Entré dans les collections du Musée des Beaux-Arts de Tours en 2007, le diptyque démantelé du Christ bénissant et la Vierge en oraison fait partie des rares panneaux peints attribués à Jean Bourdichon. De dimensions quasi-similaires, les deux tableaux présentent, sur un fond d’or, Jésus vêtu d’une robe violine ornée de galons dorés bénissant Marie drapée dans un lourd manteau bleu. Celle-ci, tournée vers son Fils, les yeux baissés en signe d’humilité et de recueillement joint les mains en prière. Les figures coupées à mi-corps sont aujourd’hui incomplètes. Les deux panneaux ont été amincis et rognés ce qui a entrainé la disparition de la main droite du Christ qui devait reposer sur un globe et la partie supérieure des nimbes. Les analyses menées par le Centre de recherche et de restauration des musées de France (C2RMF) en 2010 ont en outre permis d’identifier sur la couche préparatoire des incisions et des dessins indiquant le recours à un calque pour la mise en place des figures [Tours 1500, p. 160]. L’usage de cette technique de duplication, très répandue dans les ateliers de peinture, est confirmé par la conservation d’une seconde version de la Vierge en oraison en tout point identique et relevant donc d’un prototype commun (Londres, collection Sam Fogg).

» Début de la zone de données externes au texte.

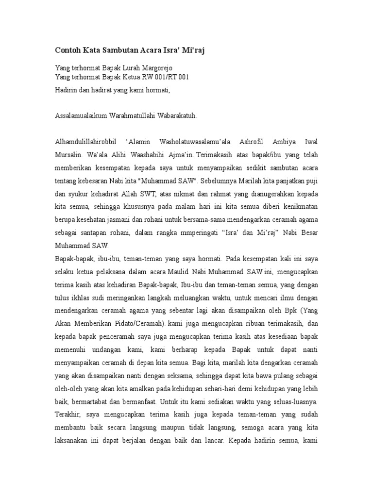 Contoh Pidato Kata Sambutan Ketua Panitia Isra Miraj Terbaru Kumpulan Referensi Teks Pidato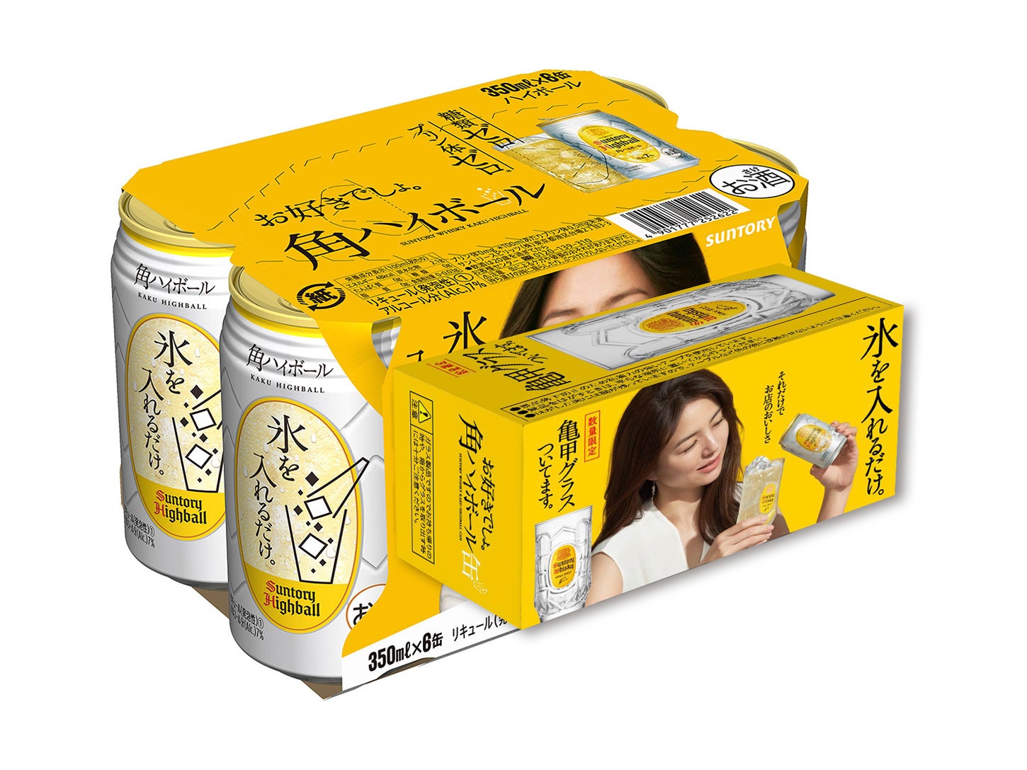 7月26日(火)より、「角ハイボール350ml缶6缶パック」に“氷とたのしむ亀甲グラス”1個が付いたセットを数量限定で発売します。グラスは、「角瓶」の象徴である亀甲模様をデザインしたオリジナルグラスです。

Le thème du Christ bénissant et de la Vierge en oraison, diffusé dans l’art occidental à partir de modèles byzantins (thème de la Déesis), appartient à un type d’œuvres, dit de dévotion, très largement répandu à la fin du Moyen Âge [Tours 1500, p. 154-159]. La Vierge intercédant par la prière auprès de son Fils pour le salut de l’humanité constitue l’un des supports privilégiés / à la méditation spirituelle ? pour les fidèles et se retrouve sur panneau et, plus encore, en enluminure dans les livres d’heures.
Marie, figurée de trois quart et à mi-corps, les mains jointes à hauteur de poitrine, enveloppée dans un manteau recouvrant un voile blanc au nombreux plis cassés correspond à un prototype créé par Jean Bourdichon vers 1480, à partir d’images de de la Vierge peintes par son maître Jean Fouquet (Heures de Simon de Varie) [Tours 1500, p. 156]. Cette image est très largement diffusée par l’artiste tout au long de sa carrière et est reprise également en abondance par ses suiveurs (Heures de Charles VIII, Paris, BnF, ms Lat. 1370 ; Vierge en prière, Vic, Musée épiscopal MEV 6386 ; Livre de prières, Saint-Germain-en-Laye, BM, ms R.60732). La physionomie du Christ relève tout autant du répertoire de Jean Fouquet et de son atelier.
Proche du saint Jean de la Pietà de Nouans-Les-Fontaine, il partage avec la Sainte Face des Heures d’Anne de Beaujeu, attribuée au Maître de Boccace de Munich [Tours 1500, cat. 33], un même nez long et droit, une barbe bifide, des yeux en amande largement écartés et soulignés par deux fins sourcils, et des cheveux séparés par une raie médiane et retombant en grosses boucles sur les épaules.
Plusieurs indices permettent de proposer une datation vers 1480-1485, à une période où les modèles de Fouquet marquaient encore fortement l’œuvre de Jean Bourdichon. L’absence de retombée du voile blanc sur le front de la Vierge correspond ainsi aux premières effigies mariales du peintre, et suit en cela fidèlement la Vierge des Heures de Simon de Varie. Les plis du manteau de Marie, lourds et rigides, confèrent au modèle un caractère sculptural très fouquetien qui sera atténué dans les œuvres plus tardives de Bourdichon dans lesquelles les formes gagnent en rondeur et en souplesse [Nash, 2011, p. 230].
Bibliographie
Chancel-Bardelot Béatrice de, Charron Pascale, Girault Pierre-Gilles, Guillouët Jean-Marie, (dir.), Tours 1500. Capitale des arts, catalogue d’exposition au musée des Beaux-Arts de Tours du 17 mars au 17 juin 2012, Paris, Somogy, 2012, cat. 31 (notice de Pascale Charron et Pierre-Gilles Girault).
Nash Susie, Herman Nicholas, « Jean Bourdichon : The Virgin in Prayer », dans Late Medieval Panel Paintings: Materials, Methods, Meanings, catalogue de l’exposition de la galerie Sam Fogg de Londres du 4 novembre 2011 au 27 janvier 2012, Londres, Sam Fogg, 2011, p. 226-232.